The Body's Burden
Toxicologists refer to the levels of xenobiotics (chemicals foreign to our metabolic pathways) in organs as “body burden”. It’s an interesting choice of words, when considering the meaning of burden as “that which is borne with difficulty”. The term has taken on considerable emotional significance for many people, with the growing awareness that we all are carrying around in our bodies the levels of a long list of chemical substances.
The Inside Bay Area (Oakland Tribune online) recently published a story of a family who volunteered for blood and urine sampling to analyze what’s in their body burdens. You hear the family’s concern now that they know what their exposures are, but don’t know the significance for their health, or what should be done about them, if anything. The paper presents the usual speculations about autism, asthma and infertility, which I have to set aside for the moment, and stick with what’s provable about these kinds of results: the nature and significance of health effects, if any, associated with the body burden is not known.
This is our "body burden" our chemical legacy, picked up from our possessions, passed to our children and sown across the environment. It's the result, scientists say, of 50 years of increasing reliance on synthetic chemicals for every facet of our daily lives.
Only recently have regulators grasped its scope. Health officials have yet to fully comprehend its consequence.
We are all, in a sense, subjects of an experiment, with no way to buy your way out, eat your way out or exercise your way out. We are guinea pigs when it comes to the unknown long-term threat these chemicals pose in our bodies and, in particular, our children.

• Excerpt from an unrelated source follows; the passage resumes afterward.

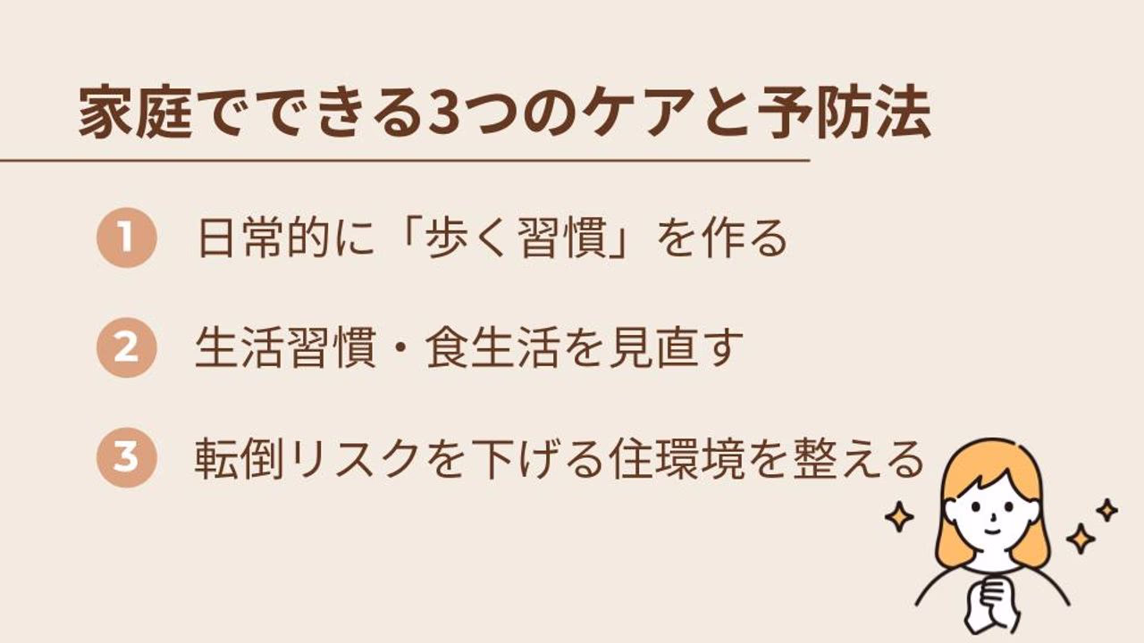 変化に少し戸惑うかもしれませんが、家族が日常の中で「歩き出し」「歩幅」「つまずきやすさ」などをさりげなく観察するだけでも、小さなサインに気付けます。

That’s overly dramatic, and I differ from it in certain ways (I feel that the risks can be ranked even with limited information, and there are things under your control that can be done to reduce chemical exposure) but it’s not an unreasonable assessment of the situation. It’s a story well worth reading.
A more comprehensive picture of the body burden can be found in the Centers for Disease Control National Report on Human Exposure to Environmental Chemicals. These reports, released approximately every two years, present CDCs activities in monitoring human exposure to chemicals or their metabolites using biological monitoring (laboratory analysis of blood or urine samples). The Oakland Tribune essentially confirmed what this report states, which is that we are all carrying around trace levels of metals, plasticizers (phthalates), combustion products (polycyclic aromatic hydrocarbon metabolites and dioxins/furans), chlorinated hydrocarbon pesticides (DDT, hexachlorobenzene, lindane, chlordane, heptachlor epoxide), PCBs, organophosphorus insecticide metabolites, other pesticides (various herbicides, including atrazine, 2,4-D/2,4,5-T and pentachlorophenol), tobacco smoke indicators (cotinine) and phytoestrogens (the complete list examined in the CDC report is here).
The report offers the following, in order to encourage people not to take its findings out of proportion:
Just because people have an environmental chemical in their blood or urine does not mean that the chemical causes disease.
However, CDC does state that more research is needed to determine what adverse effects, if any, are associated with these body burdens.
One class of chemicals that CDC has not yet included in their survey, but will be in the future, are polybrominated diphenyl ethers (PBDEs). Very limited information from one study indicates that exposures of American mothers and infants to PBDEs may be higher than corresponding exposure to Swedish mothers and infants. Concentrations of PBDEs in adipose tissue and breast milk are reported to be increasing, in contrast to dioxins and PCB exposures, which have decreased over time (I’ll be writing later about the mounting concerns associated with PBDE exposures – until then, you can read more about them here and here).
Ever since seeing this study recently in the news regarding household dust as a potential exposure pathway for PBDEs, it seems that everyone has been getting into the act (here, here and here). It’s not just a stunt – there’s science behind it, if the data are collected properly.
The Inside Bay Area has an entire series of articles on chemical body burden, including an online exposure calculator, and most interesting to me, a story on how they did the study including a model study protocol. It’s not something you’ll want to run out and do any time soon – the cost for biological sampling (blood, urine and hair) and laboratory analysis for a family of four was around $17,000.
Postscript: tip of the hat to Environmental Health News for leading me to the Oakland Tribune article.